Exercise goal:
When the line with "6畳 、 和室 6畳 |" comes up, set it down and every later line to the end of the data, exactly and without pictures.

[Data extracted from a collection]
<<<<

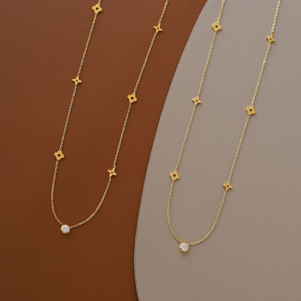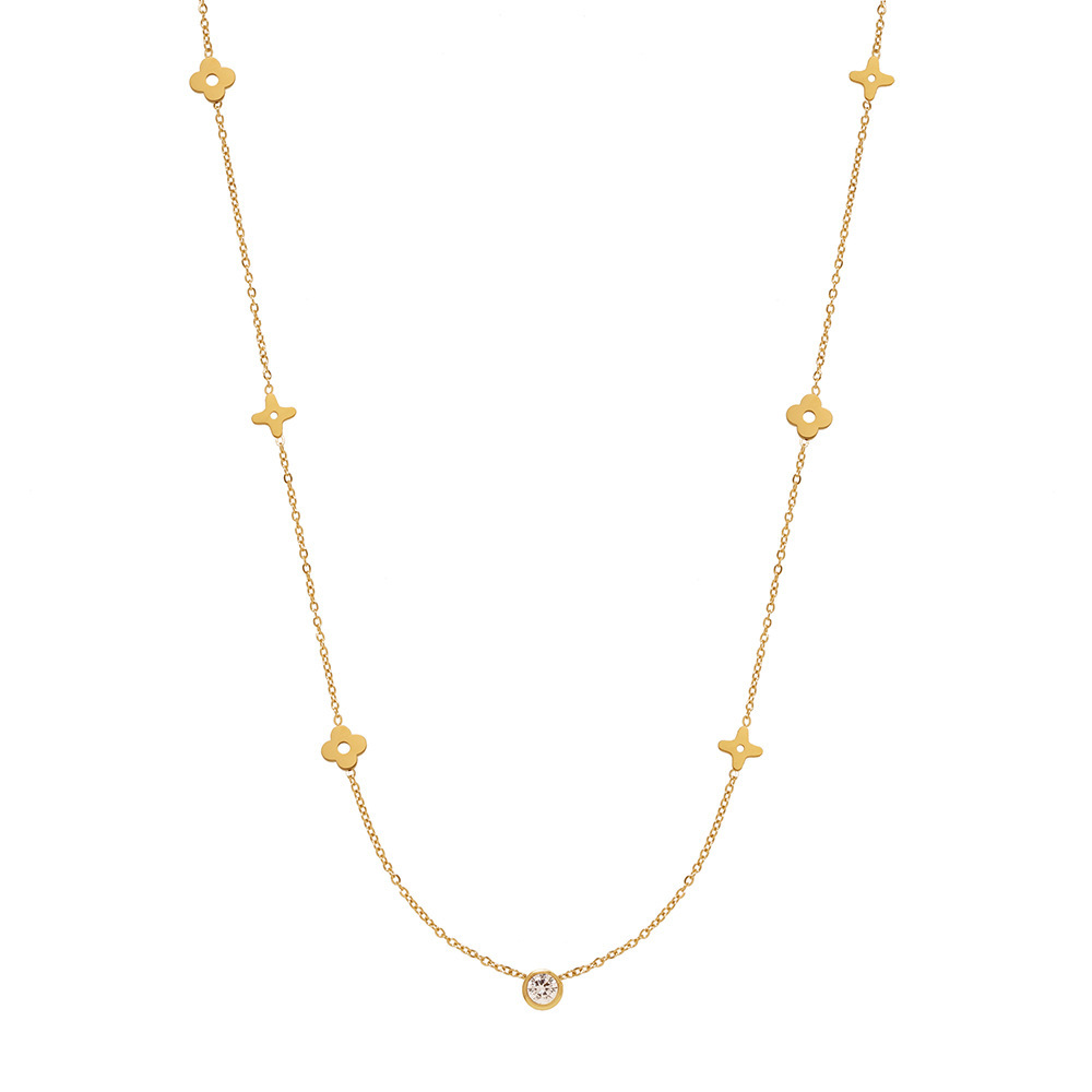 Titanium Steel 18K Gold Plating Flower Solitaire Necklace
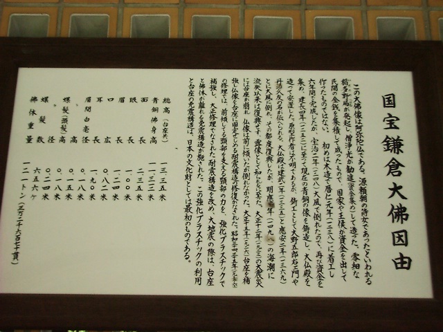 これは大仏さまが履くための特大の草鞋(わらじ)です。この草鞋の左側には鎌倉大仏由来記が掲げられています。以下の写真がそれです。
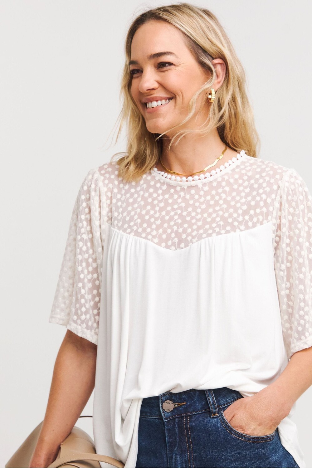 Верхняя часть с плетеным кружевом Jd Williams, белый
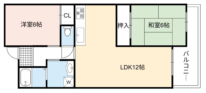 | 間取り詳細 | LDK 12畳 、 洋室 6畳 、 和室 6畳 |
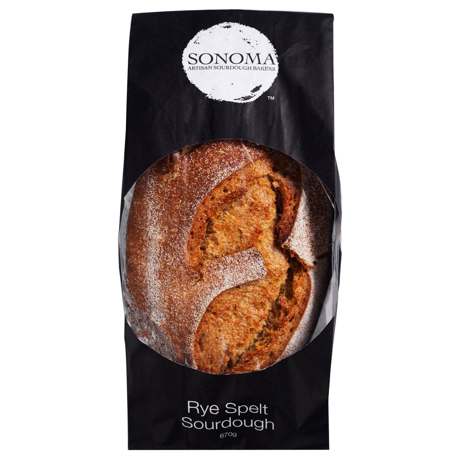 Sonoma Rye Spelt Sourdough 680g: Enjoy the perfect blend of hearty rye and nutritious spelt in every bite of our artisan sourdough bread. Handcrafted with care, this flavorful loaf is a wholesome choice for your daily bread needs. Order now for a delicious and satisfying bread experience!
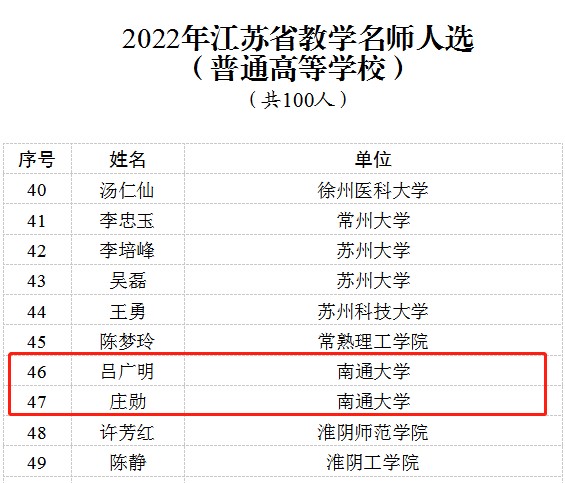 近日,江苏省教育厅公布2022年江苏省教学名师人选,我校吕广明、庄勋两位教师获评“江苏省教学名师”。
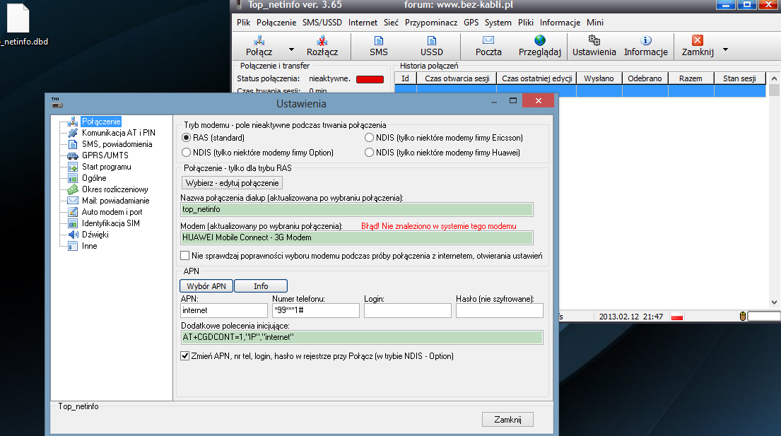 ma być słowo darmowy a nie internet ale tu widać jeszcze coś dodatkowego - nie odnaleziono modemu! (przypuszczam, że równocześnie uruchomiony jest Mobile Partner i TNI a może być w danej chwili tylko jeden program sterujący modemem, przy czym zwolnienie zasobów trwa kilkanaście sekund po zamknięciu programu więc pośpiech nie jest wskazany) Statystyki Folding@home |

>>>>

Solution to this problem:
 | 間取り詳細 | LDK 12畳 、 洋室 6畳 、 和室 6畳 |
 Sonoma Rye Spelt Sourdough 680g: Enjoy the perfect blend of hearty rye and nutritious spelt in every bite of our artisan sourdough bread. Handcrafted with care, this flavorful loaf is a wholesome choice for your daily bread needs. Order now for a delicious and satisfying bread experience!
 近日,江苏省教育厅公布2022年江苏省教学名师人选,我校吕广明、庄勋两位教师获评“江苏省教学名师”。
 ma być słowo darmowy a nie internet ale tu widać jeszcze coś dodatkowego - nie odnaleziono modemu! (przypuszczam, że równocześnie uruchomiony jest Mobile Partner i TNI a może być w danej chwili tylko jeden program sterujący modemem, przy czym zwolnienie zasobów trwa kilkanaście sekund po zamknięciu programu więc pośpiech nie jest wskazany) Statystyki Folding@home |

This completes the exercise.